> **Data records**
........
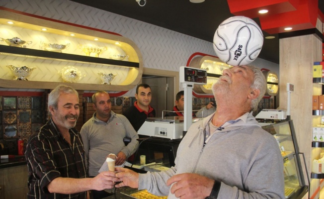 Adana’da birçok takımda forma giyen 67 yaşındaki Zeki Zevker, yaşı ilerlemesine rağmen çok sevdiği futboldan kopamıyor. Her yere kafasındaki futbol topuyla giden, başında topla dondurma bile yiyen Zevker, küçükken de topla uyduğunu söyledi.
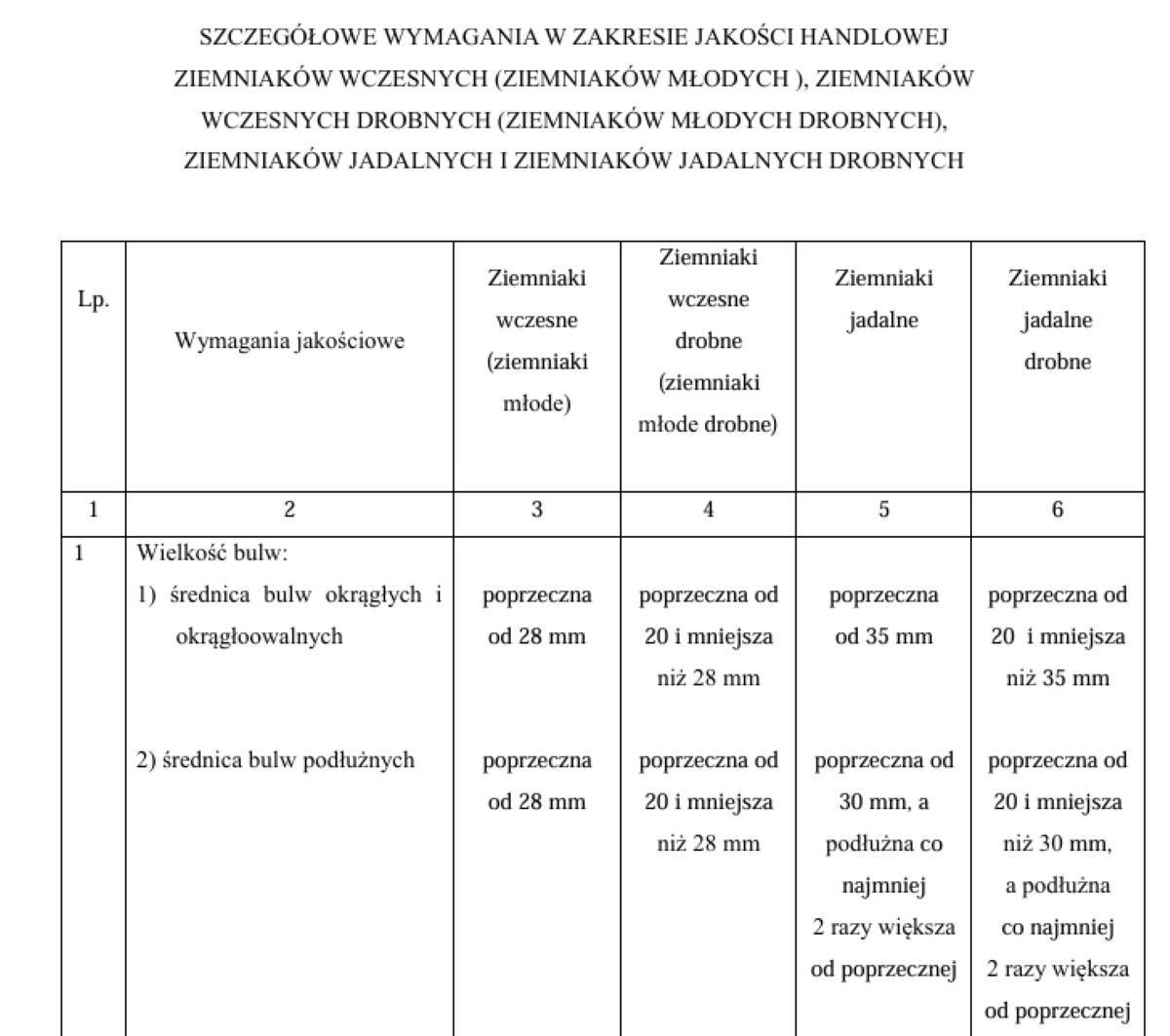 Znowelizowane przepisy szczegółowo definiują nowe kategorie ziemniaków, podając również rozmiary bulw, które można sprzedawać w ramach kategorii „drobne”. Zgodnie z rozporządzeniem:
........
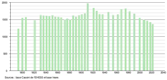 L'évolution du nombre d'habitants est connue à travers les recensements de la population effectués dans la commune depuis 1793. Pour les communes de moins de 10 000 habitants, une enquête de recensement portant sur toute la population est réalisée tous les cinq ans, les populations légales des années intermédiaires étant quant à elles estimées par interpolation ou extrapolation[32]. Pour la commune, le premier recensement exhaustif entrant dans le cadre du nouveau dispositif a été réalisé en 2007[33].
........
> **Exercise objective**
Extract, without any images, the part of the material above that opens with the line containing "Adana’da birçok takımda" and closes with the line containing "Znowelizowane przepisy szczegółowo", both lines included.

> **Response for this exercise**
 Adana’da birçok takımda forma giyen 67 yaşındaki Zeki Zevker, yaşı ilerlemesine rağmen çok sevdiği futboldan kopamıyor. Her yere kafasındaki futbol topuyla giden, başında topla dondurma bile yiyen Zevker, küçükken de topla uyduğunu söyledi.
 Znowelizowane przepisy szczegółowo definiują nowe kategorie ziemniaków, podając również rozmiary bulw, które można sprzedawać w ramach kategorii „drobne”. Zgodnie z rozporządzeniem:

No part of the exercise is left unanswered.